■ About this task ■
Skipping all images, output the listing word for word.

■ Recorded data ■
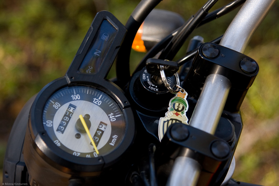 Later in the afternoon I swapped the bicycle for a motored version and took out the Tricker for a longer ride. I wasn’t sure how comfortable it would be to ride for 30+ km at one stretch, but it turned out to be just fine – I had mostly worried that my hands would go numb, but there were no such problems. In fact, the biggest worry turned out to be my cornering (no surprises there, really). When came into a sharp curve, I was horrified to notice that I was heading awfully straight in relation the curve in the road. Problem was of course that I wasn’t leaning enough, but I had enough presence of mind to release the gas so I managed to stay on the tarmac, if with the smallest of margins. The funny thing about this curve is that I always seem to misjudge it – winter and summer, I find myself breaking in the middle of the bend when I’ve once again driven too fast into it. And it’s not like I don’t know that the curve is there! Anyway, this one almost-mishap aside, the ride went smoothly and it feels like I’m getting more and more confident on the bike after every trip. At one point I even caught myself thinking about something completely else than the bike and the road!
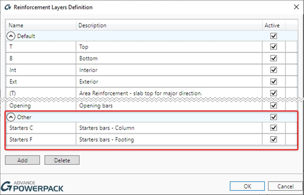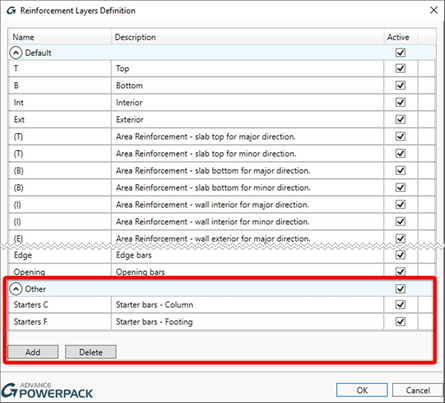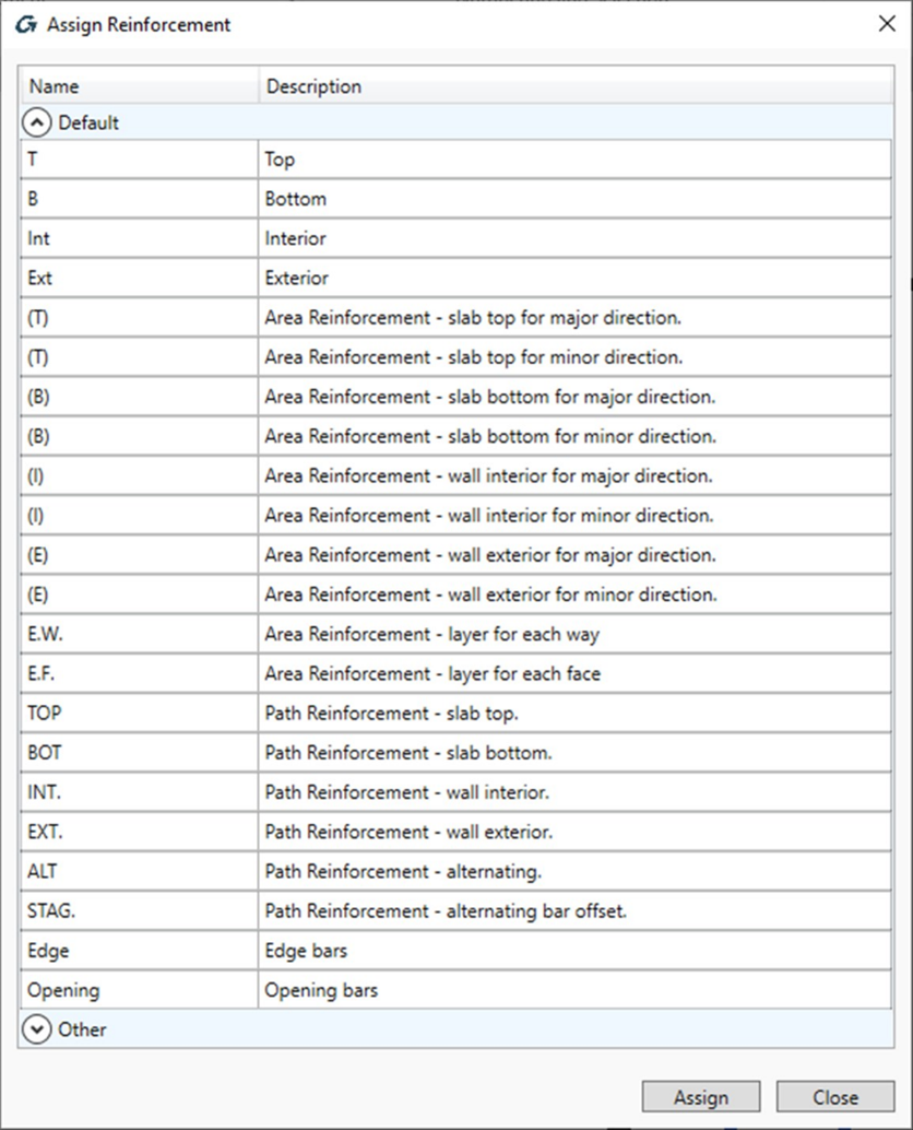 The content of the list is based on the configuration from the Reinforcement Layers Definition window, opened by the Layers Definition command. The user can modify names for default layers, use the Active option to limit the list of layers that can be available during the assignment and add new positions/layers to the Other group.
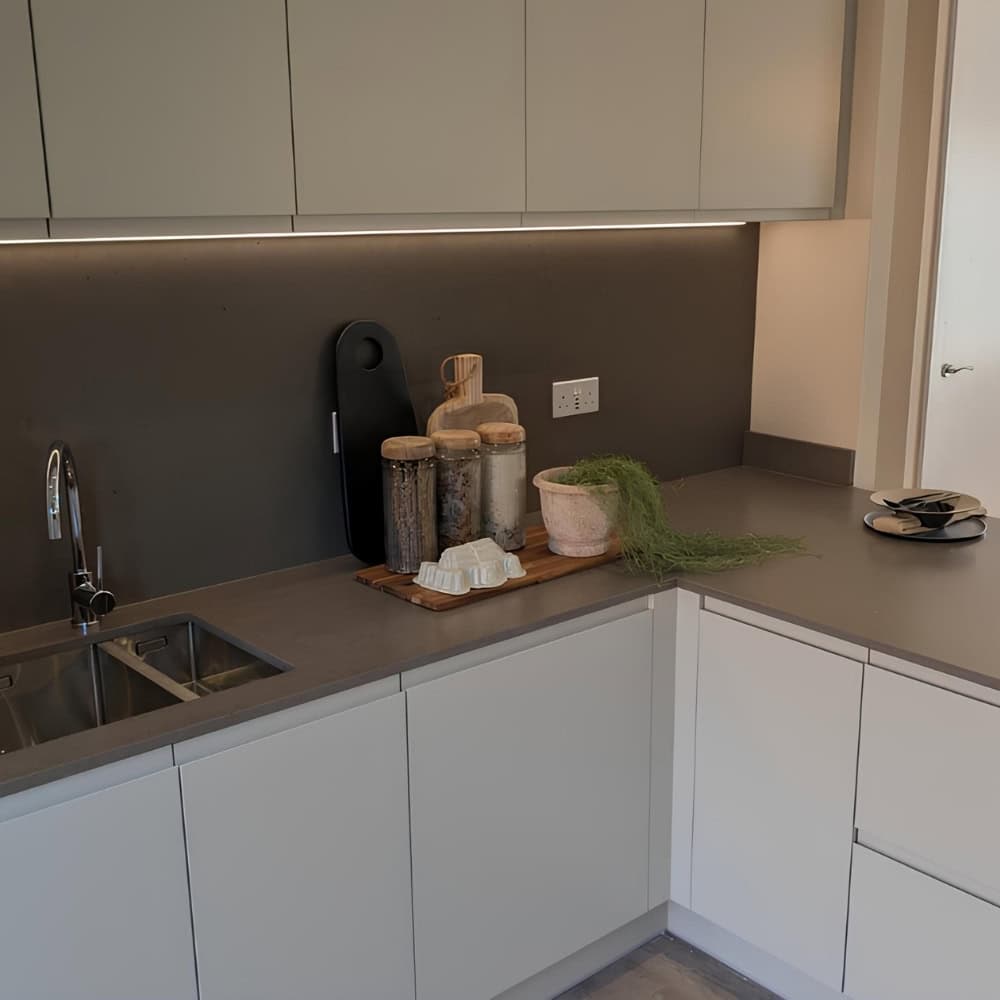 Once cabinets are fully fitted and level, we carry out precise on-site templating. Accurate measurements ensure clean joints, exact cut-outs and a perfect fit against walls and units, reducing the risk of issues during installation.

■ Task response ■
 Later in the afternoon I swapped the bicycle for a motored version and took out the Tricker for a longer ride. I wasn’t sure how comfortable it would be to ride for 30+ km at one stretch, but it turned out to be just fine – I had mostly worried that my hands would go numb, but there were no such problems. In fact, the biggest worry turned out to be my cornering (no surprises there, really). When came into a sharp curve, I was horrified to notice that I was heading awfully straight in relation the curve in the road. Problem was of course that I wasn’t leaning enough, but I had enough presence of mind to release the gas so I managed to stay on the tarmac, if with the smallest of margins. The funny thing about this curve is that I always seem to misjudge it – winter and summer, I find myself breaking in the middle of the bend when I’ve once again driven too fast into it. And it’s not like I don’t know that the curve is there! Anyway, this one almost-mishap aside, the ride went smoothly and it feels like I’m getting more and more confident on the bike after every trip. At one point I even caught myself thinking about something completely else than the bike and the road!
 The content of the list is based on the configuration from the Reinforcement Layers Definition window, opened by the Layers Definition command. The user can modify names for default layers, use the Active option to limit the list of layers that can be available during the assignment and add new positions/layers to the Other group.
 Once cabinets are fully fitted and level, we carry out precise on-site templating. Accurate measurements ensure clean joints, exact cut-outs and a perfect fit against walls and units, reducing the risk of issues during installation.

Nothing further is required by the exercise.